Records excerpted from a collection:

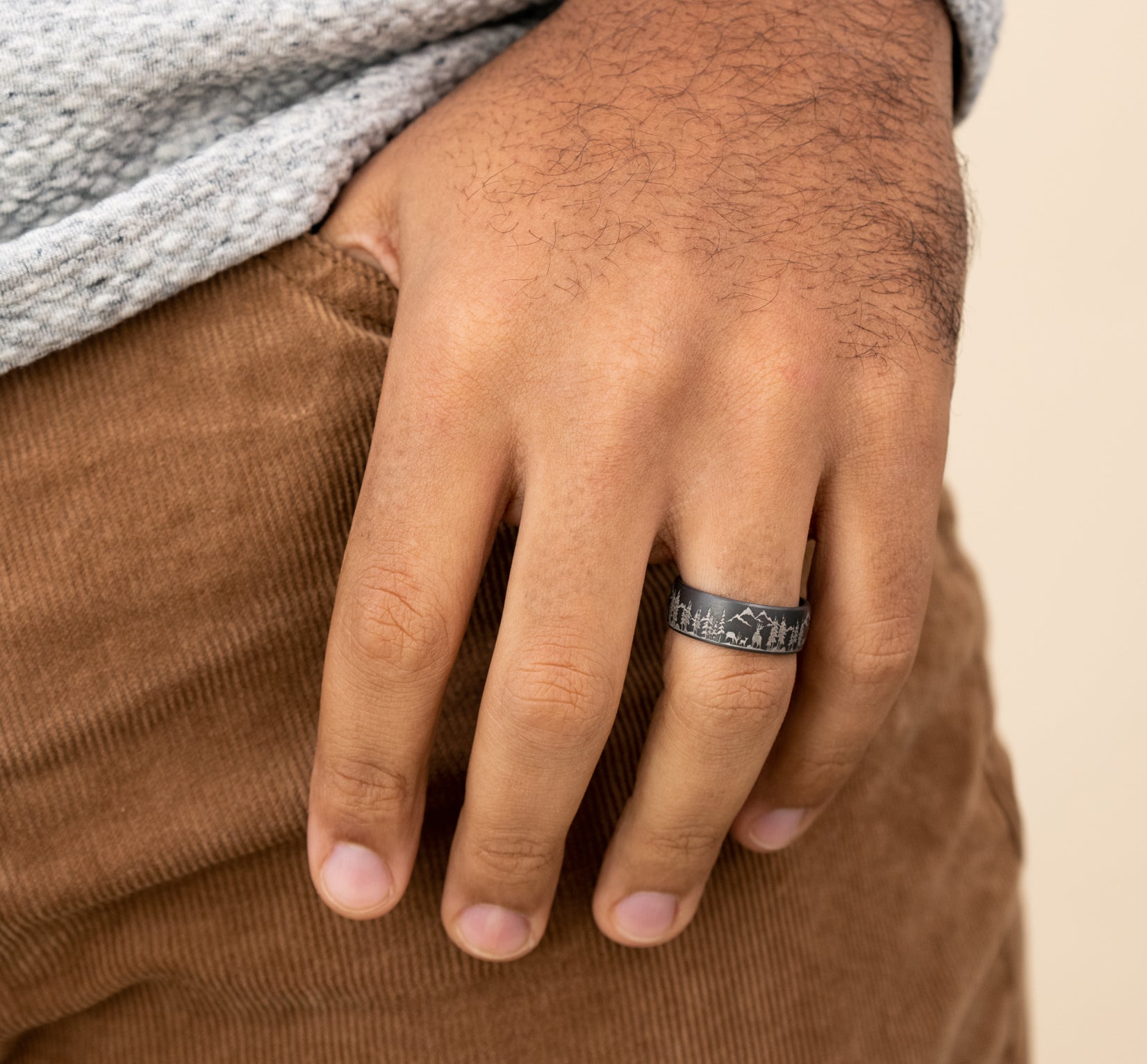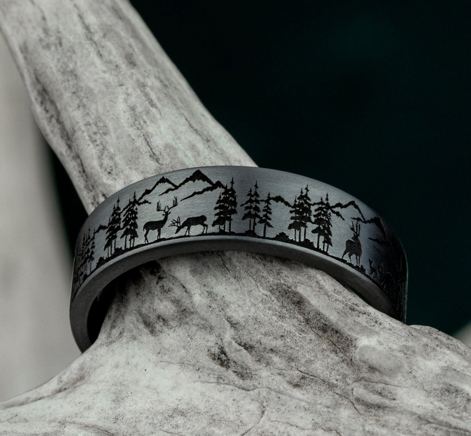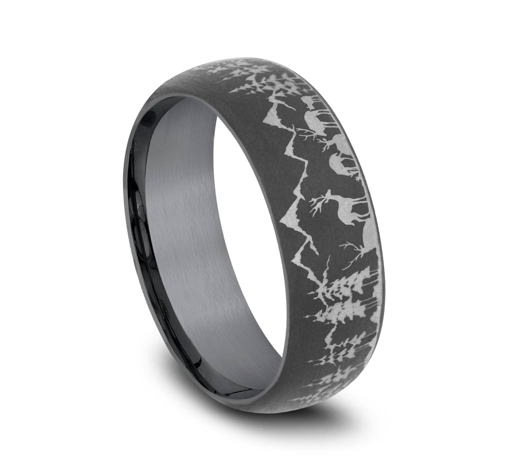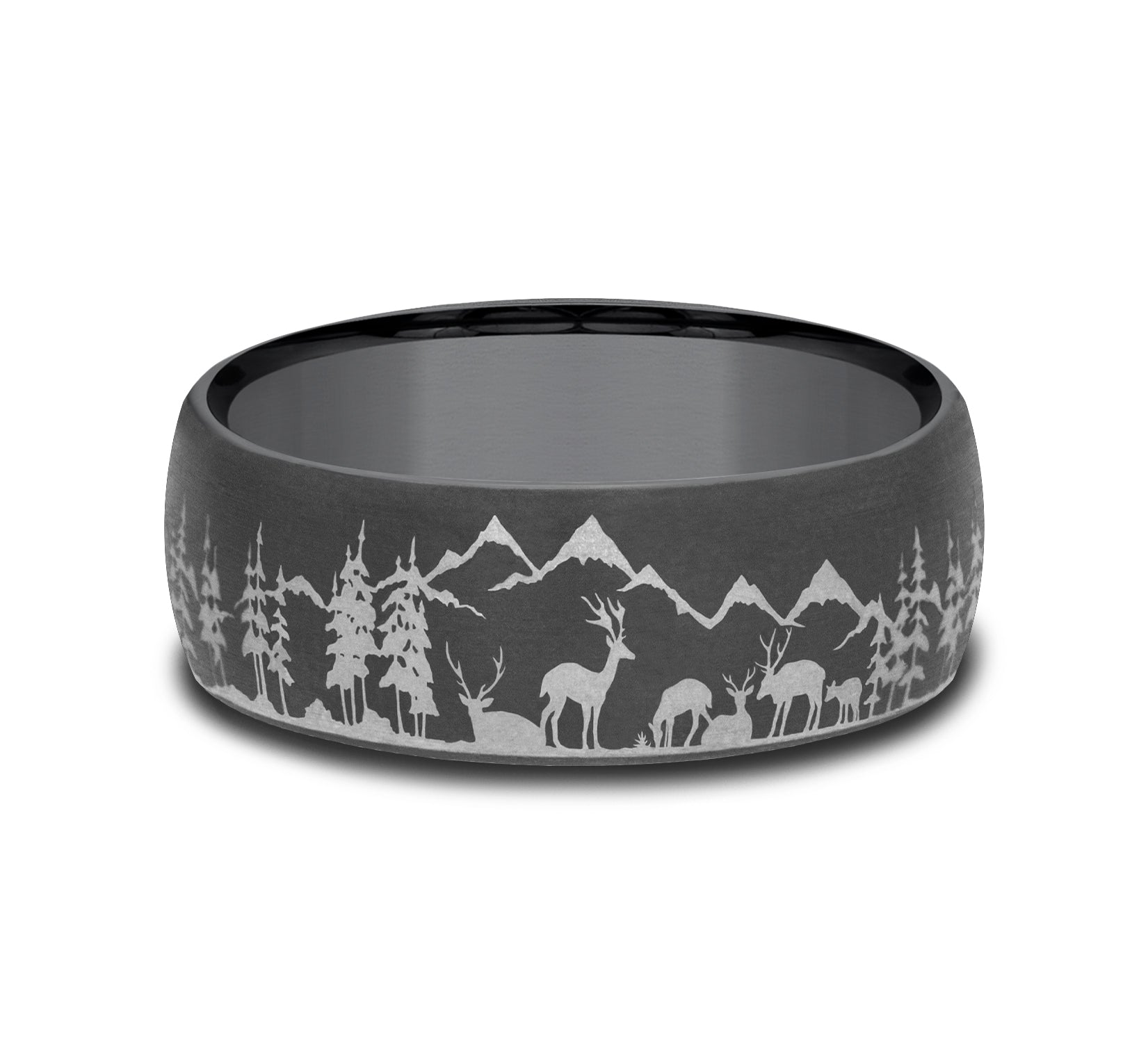 7mm, Comfort fit Grey Tantalum Nature scene with mountains, deer, and trees
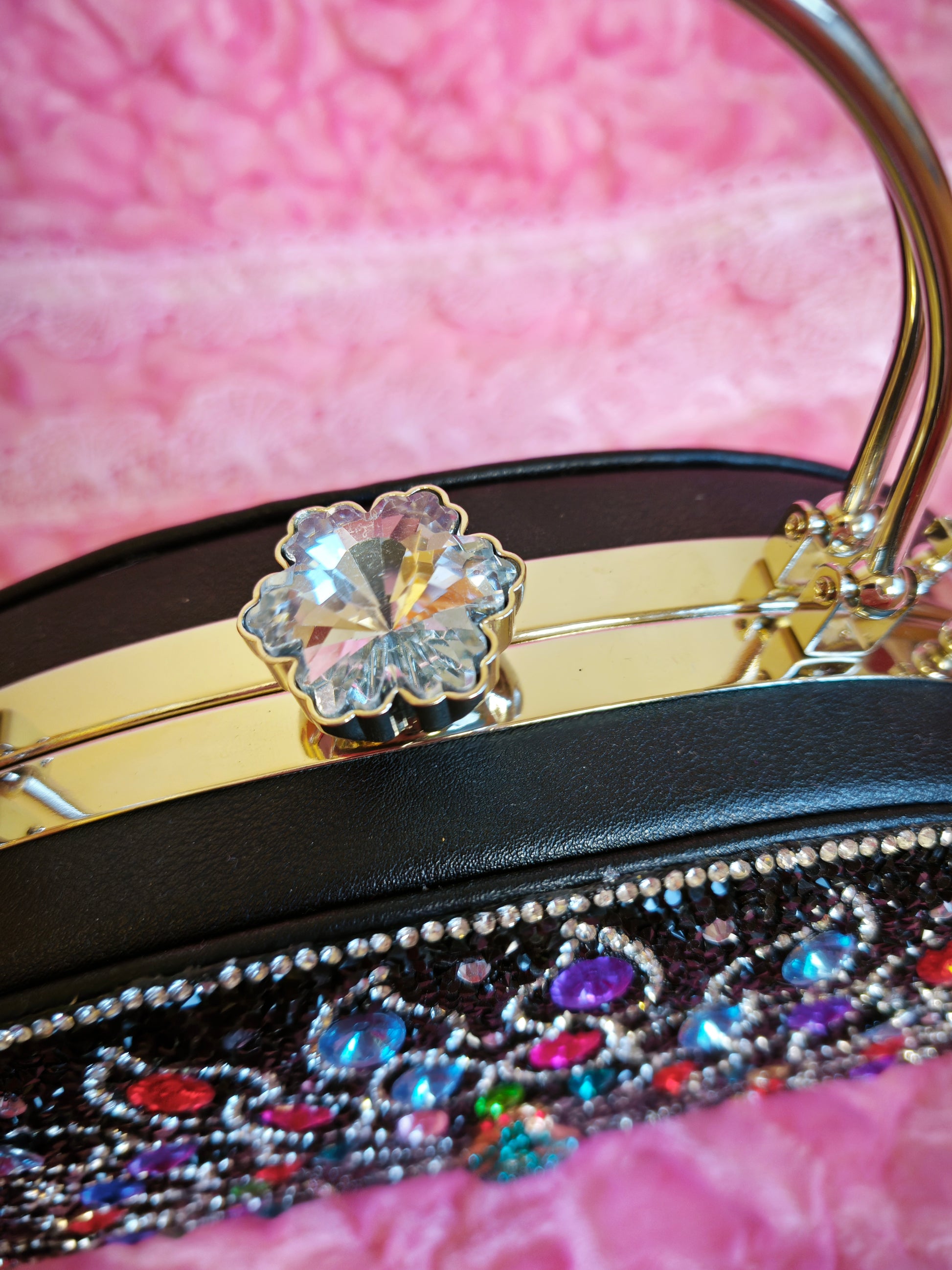 Crafted with high-quality diamond-setting technology and wear-resistant black leather base, the front features a cool and dazzling visual effect with full-paved black rhinestones and colorful diamond peacock pattern dense setting technology. The sides and back are made of black matte leather (smooth touch and scratch-resistant), and the metal edging and hand ring adopt electroplated bright silver technology for anti-oxidation and non-fading. The rhinestones are inlaid with firm hand dense setting technology, and the peacock pattern composed of black rhinestones and colorful diamonds is not easy to fall off. The leather base has both scratch-resistant and wear-resistant properties, which not only retains the luxurious and shiny texture of the clutch bag, but also can maintain a delicate shape for a long time after multiple uses.
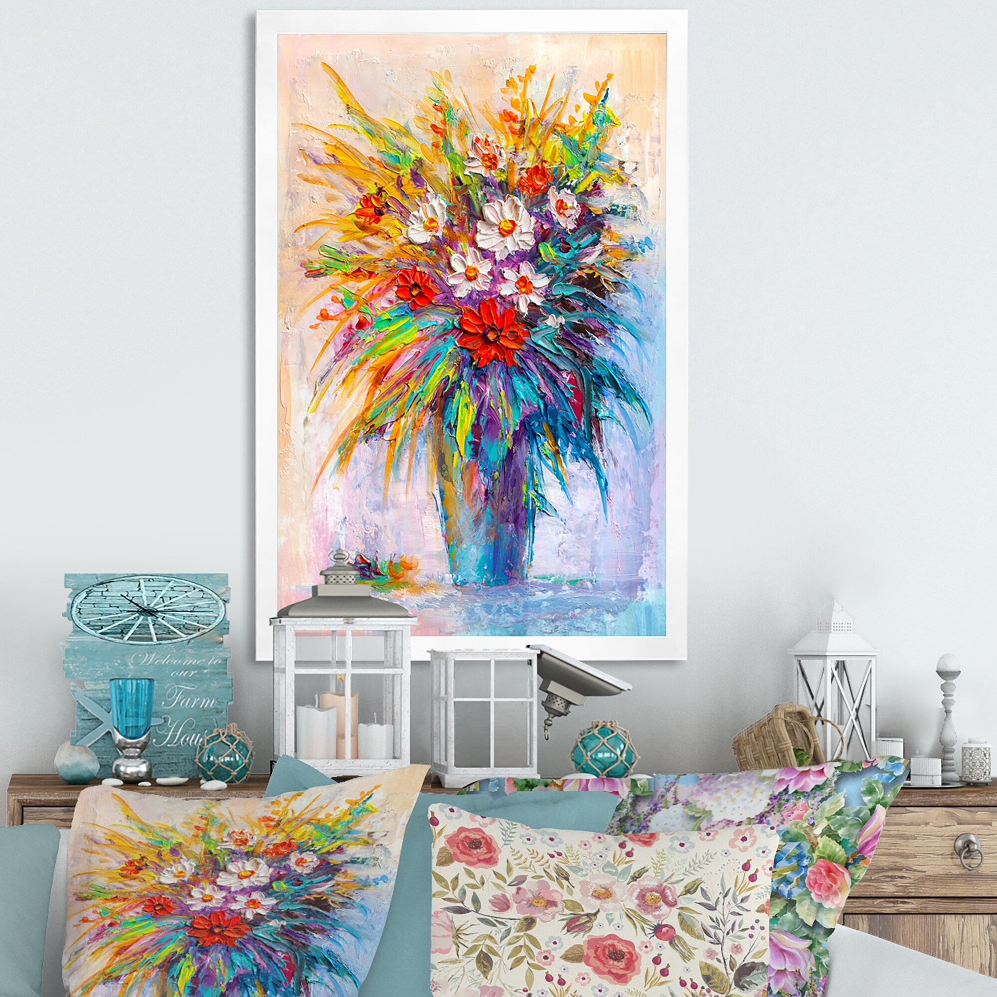 Designart "Red And Yellow Vase of Flowers" Traditional Framed Wall Art
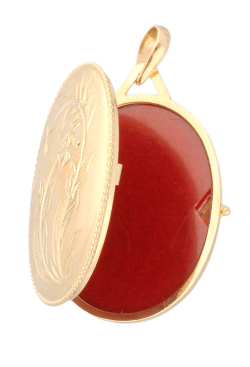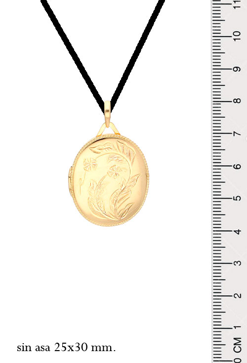 Colgante relicario oro amarillo 18 kilates tambien llamado guardapelos o portafotos tapa frontal grabada a mano con motivo floral y parte posterior lisa donde poder grabar por ejemplo un enlace de iniciales, dispone de fondos en ambas tapas, el regalo perfecto para dejar un recuerdo imborrable con el paso del tiempo, guardar un sentimiento que nos acompañe el resto de nuestra vida.
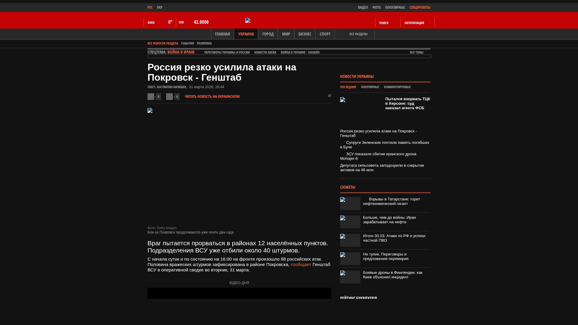 Seit Beginn des Tages und bis 16:00 Uhr kam es an der Front zu 88 russischen Angriffen. Die Hälfte der feindlichen Angriffe wurde im Raum Pokrowsk verzeichnet, wie der Generalstab der ukrainischen Streitkräfte in seinem Lagebericht am Dienstag, dem 31. März, mitteilte.
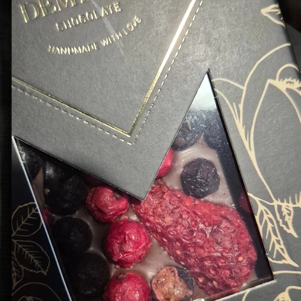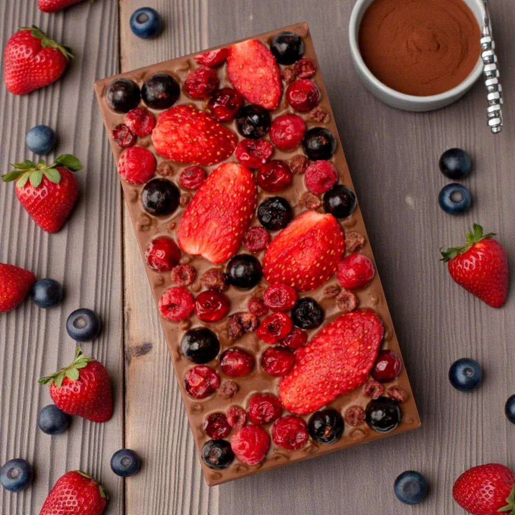 Tejcsokoládé piros gyümölcsökkel
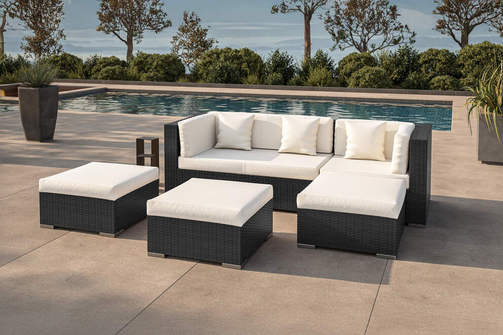 Laden Sie doch einmal wieder Freunde und Familie zu sich nach Hause ein und genießen Sie das Zusammensein. Mit dieser Sitzgruppe aus schwarzem, flachen Polyrattan haben Sie zukünftig Platz für bis zu 5 Personen und einem entspannten Familiensonntag oder dem spannend spaßigen Spieleabend mit Freunden steht nichts mehr im Wege.
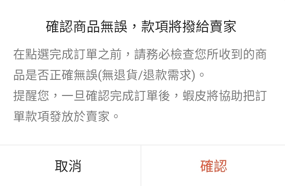 推 wi22900: 按確認收貨就無法了吧,蝦皮那邊也無法介 180.217.4.241 10/23 15:45
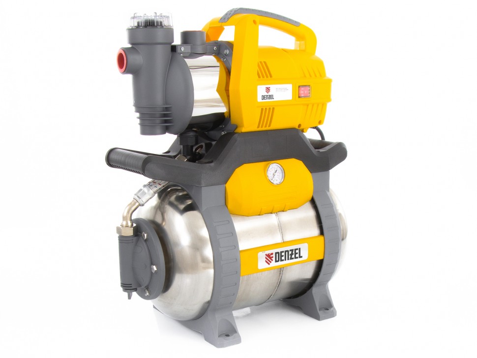 Насосная станция PSХ950X, 950 Вт, 3300 л/ч, ресивер 24 л, подъем 38 м, нержавейка Denzel
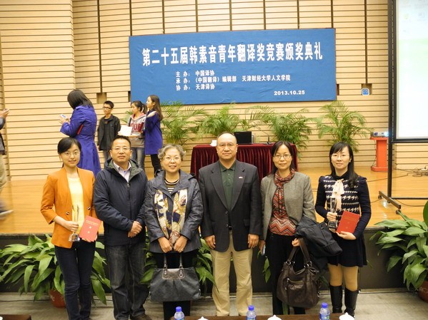 | 全国第二十五届“韩素音青年翻译奖”竞赛,经过专家历时五个月的公正、严格的匿名评审,于2013年10月13日公布了竞赛结果,我校语言文化学院英语专业教学部师生在此次大赛中成绩斐然。在英译汉组,青年教师邢�荣获一等奖,青年教师缪建维荣获三等奖,青年教师黄蔚、王庆华、朱博和英语专业学生杨帆、刘旋、胡珊珊、胡倩倩荣获优秀奖。在汉译英组,青年教师朱博荣获三等奖。(语言文化学院) | ||

- What you need to do -
Any pictures should be dropped; transcribe the rest of the records above exactly.

- Output of the exercise -
 7mm, Comfort fit Grey Tantalum Nature scene with mountains, deer, and trees
 Crafted with high-quality diamond-setting technology and wear-resistant black leather base, the front features a cool and dazzling visual effect with full-paved black rhinestones and colorful diamond peacock pattern dense setting technology. The sides and back are made of black matte leather (smooth touch and scratch-resistant), and the metal edging and hand ring adopt electroplated bright silver technology for anti-oxidation and non-fading. The rhinestones are inlaid with firm hand dense setting technology, and the peacock pattern composed of black rhinestones and colorful diamonds is not easy to fall off. The leather base has both scratch-resistant and wear-resistant properties, which not only retains the luxurious and shiny texture of the clutch bag, but also can maintain a delicate shape for a long time after multiple uses.
 Designart "Red And Yellow Vase of Flowers" Traditional Framed Wall Art
 Colgante relicario oro amarillo 18 kilates tambien llamado guardapelos o portafotos tapa frontal grabada a mano con motivo floral y parte posterior lisa donde poder grabar por ejemplo un enlace de iniciales, dispone de fondos en ambas tapas, el regalo perfecto para dejar un recuerdo imborrable con el paso del tiempo, guardar un sentimiento que nos acompañe el resto de nuestra vida.
 Seit Beginn des Tages und bis 16:00 Uhr kam es an der Front zu 88 russischen Angriffen. Die Hälfte der feindlichen Angriffe wurde im Raum Pokrowsk verzeichnet, wie der Generalstab der ukrainischen Streitkräfte in seinem Lagebericht am Dienstag, dem 31. März, mitteilte.
 Tejcsokoládé piros gyümölcsökkel
 Laden Sie doch einmal wieder Freunde und Familie zu sich nach Hause ein und genießen Sie das Zusammensein. Mit dieser Sitzgruppe aus schwarzem, flachen Polyrattan haben Sie zukünftig Platz für bis zu 5 Personen und einem entspannten Familiensonntag oder dem spannend spaßigen Spieleabend mit Freunden steht nichts mehr im Wege.
 推 wi22900: 按確認收貨就無法了吧,蝦皮那邊也無法介 180.217.4.241 10/23 15:45
 Насосная станция PSХ950X, 950 Вт, 3300 л/ч, ресивер 24 л, подъем 38 м, нержавейка Denzel
 | 全国第二十五届“韩素音青年翻译奖”竞赛,经过专家历时五个月的公正、严格的匿名评审,于2013年10月13日公布了竞赛结果,我校语言文化学院英语专业教学部师生在此次大赛中成绩斐然。在英译汉组,青年教师邢�荣获一等奖,青年教师缪建维荣获三等奖,青年教师黄蔚、王庆华、朱博和英语专业学生杨帆、刘旋、胡珊珊、胡倩倩荣获优秀奖。在汉译英组,青年教师朱博荣获三等奖。(语言文化学院) | ||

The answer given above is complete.